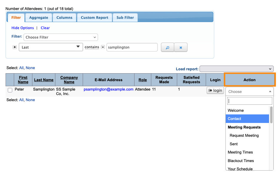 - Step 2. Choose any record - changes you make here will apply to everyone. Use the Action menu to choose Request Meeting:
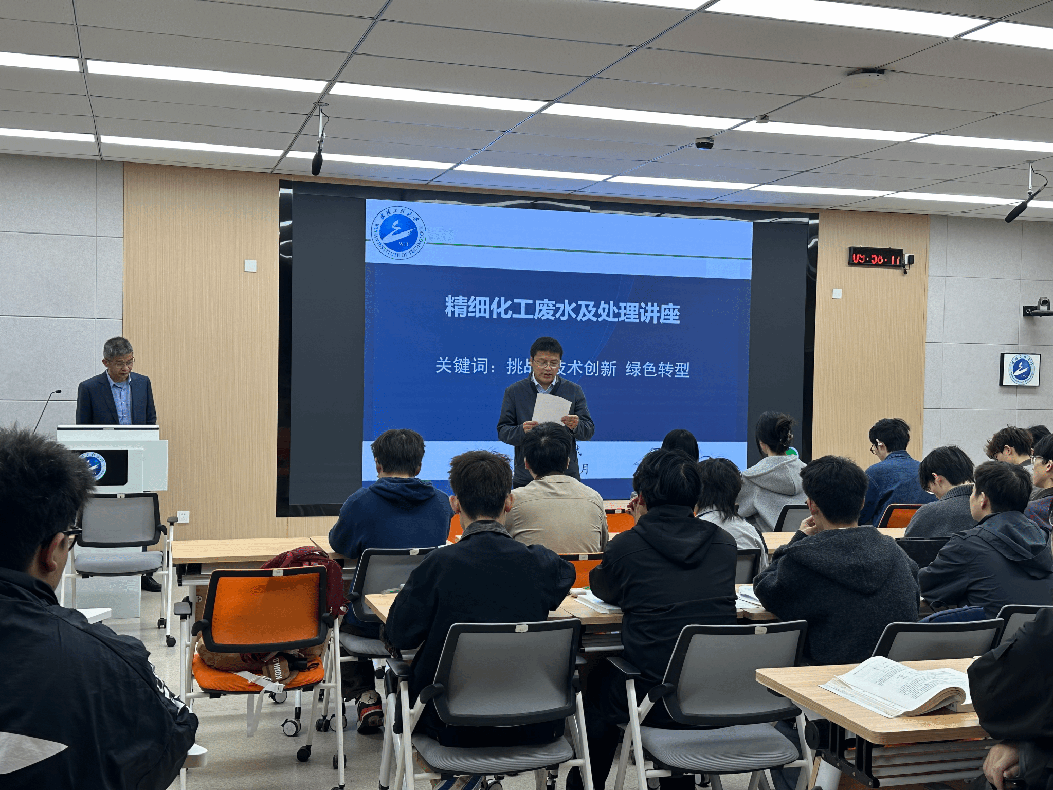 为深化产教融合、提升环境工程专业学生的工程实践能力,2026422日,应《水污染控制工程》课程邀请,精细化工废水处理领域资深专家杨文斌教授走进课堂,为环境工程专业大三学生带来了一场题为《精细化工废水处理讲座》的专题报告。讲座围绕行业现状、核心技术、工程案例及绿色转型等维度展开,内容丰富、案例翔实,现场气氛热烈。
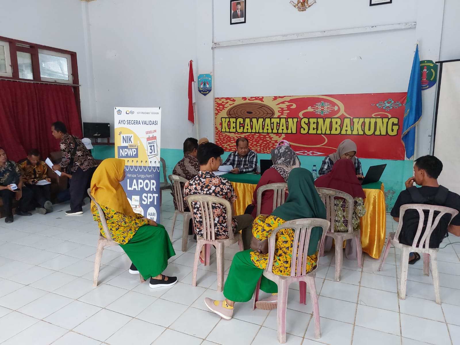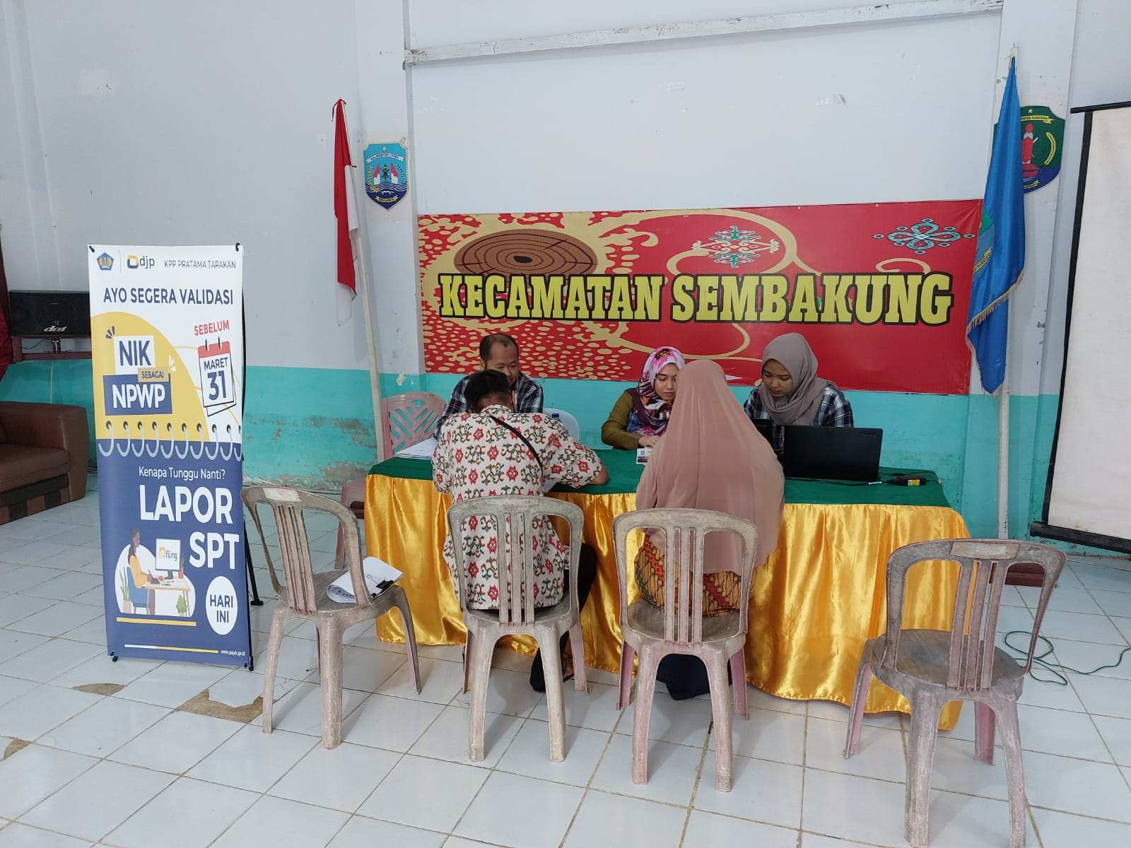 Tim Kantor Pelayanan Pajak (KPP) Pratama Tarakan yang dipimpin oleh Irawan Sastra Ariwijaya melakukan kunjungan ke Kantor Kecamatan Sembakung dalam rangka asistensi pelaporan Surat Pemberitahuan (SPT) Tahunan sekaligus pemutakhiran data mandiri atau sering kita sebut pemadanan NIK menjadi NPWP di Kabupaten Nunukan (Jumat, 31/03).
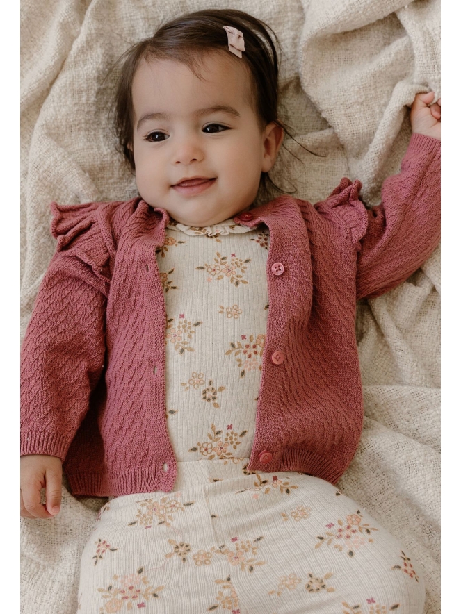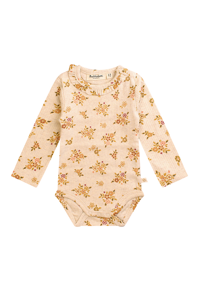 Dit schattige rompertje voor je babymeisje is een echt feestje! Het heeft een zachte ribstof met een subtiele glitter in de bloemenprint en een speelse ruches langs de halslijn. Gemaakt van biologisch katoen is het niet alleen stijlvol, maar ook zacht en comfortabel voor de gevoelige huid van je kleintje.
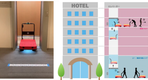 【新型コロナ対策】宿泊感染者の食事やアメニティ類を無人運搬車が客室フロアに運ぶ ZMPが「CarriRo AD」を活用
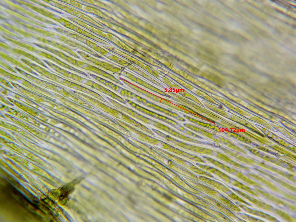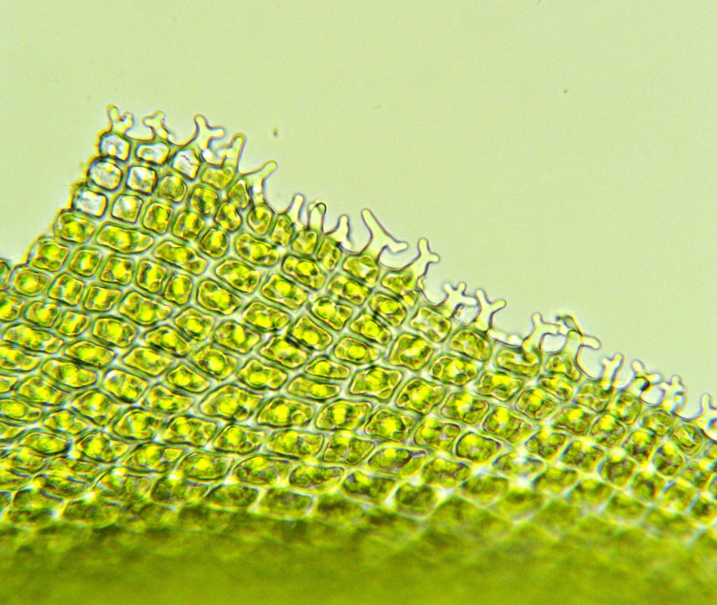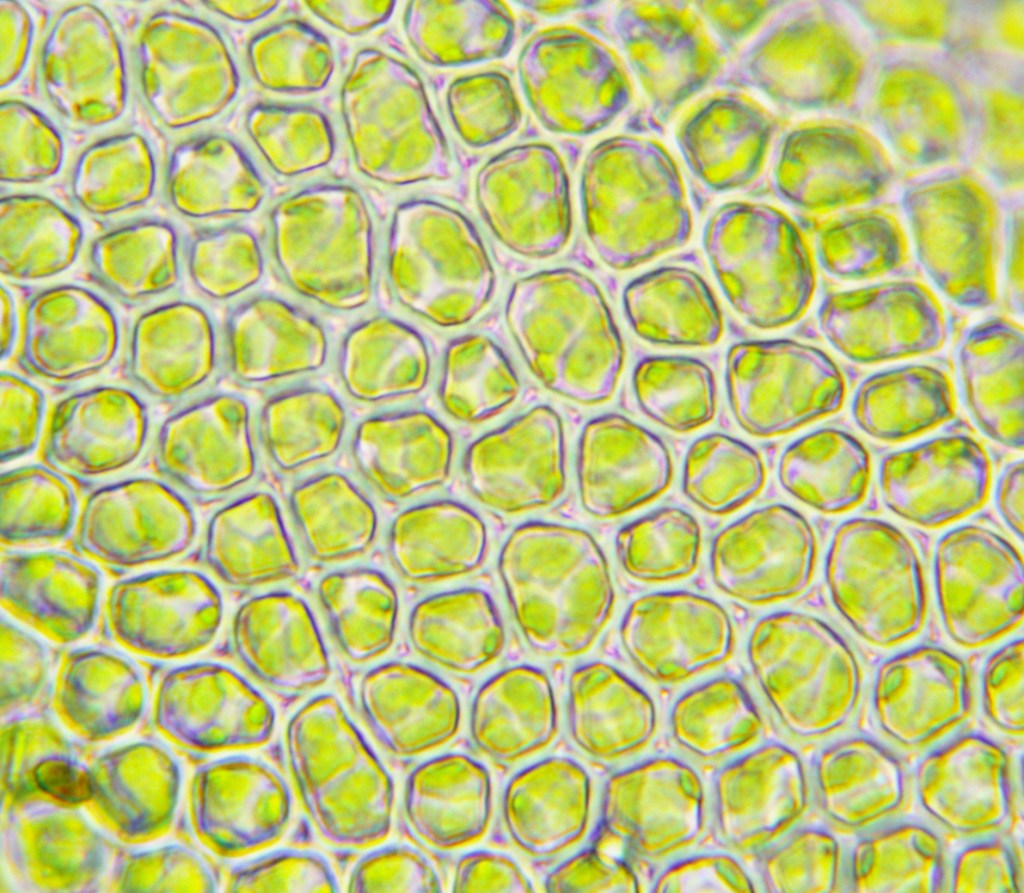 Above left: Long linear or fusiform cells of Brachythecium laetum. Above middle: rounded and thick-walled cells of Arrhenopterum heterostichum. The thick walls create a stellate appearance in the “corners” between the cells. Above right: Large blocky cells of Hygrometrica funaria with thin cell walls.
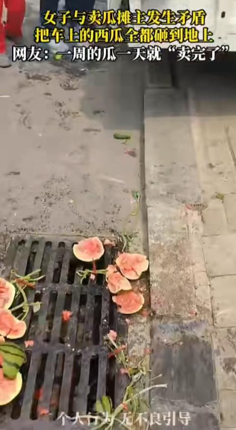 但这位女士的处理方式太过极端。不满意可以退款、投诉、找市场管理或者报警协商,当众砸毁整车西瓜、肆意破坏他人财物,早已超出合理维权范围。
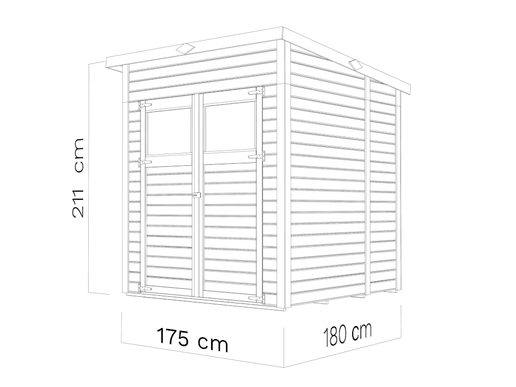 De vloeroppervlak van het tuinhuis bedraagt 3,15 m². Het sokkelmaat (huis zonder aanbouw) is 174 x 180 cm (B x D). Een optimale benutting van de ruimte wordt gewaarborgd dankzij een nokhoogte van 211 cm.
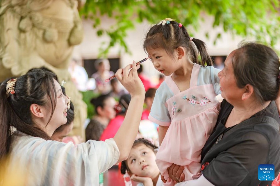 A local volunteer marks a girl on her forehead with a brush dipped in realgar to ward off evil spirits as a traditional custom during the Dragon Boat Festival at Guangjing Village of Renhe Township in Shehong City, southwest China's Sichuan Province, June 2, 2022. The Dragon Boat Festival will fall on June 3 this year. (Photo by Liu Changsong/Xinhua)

※

TASK DESCRIPTION
Retype each line of the data exactly, beginning with the first; include the line containing "Tim Kantor Pelayanan" and stop there, skipping every picture.

ANSWER
 - Step 2. Choose any record - changes you make here will apply to everyone. Use the Action menu to choose Request Meeting:
 为深化产教融合、提升环境工程专业学生的工程实践能力,2026422日,应《水污染控制工程》课程邀请,精细化工废水处理领域资深专家杨文斌教授走进课堂,为环境工程专业大三学生带来了一场题为《精细化工废水处理讲座》的专题报告。讲座围绕行业现状、核心技术、工程案例及绿色转型等维度展开,内容丰富、案例翔实,现场气氛热烈。
 Tim Kantor Pelayanan Pajak (KPP) Pratama Tarakan yang dipimpin oleh Irawan Sastra Ariwijaya melakukan kunjungan ke Kantor Kecamatan Sembakung dalam rangka asistensi pelaporan Surat Pemberitahuan (SPT) Tahunan sekaligus pemutakhiran data mandiri atau sering kita sebut pemadanan NIK menjadi NPWP di Kabupaten Nunukan (Jumat, 31/03).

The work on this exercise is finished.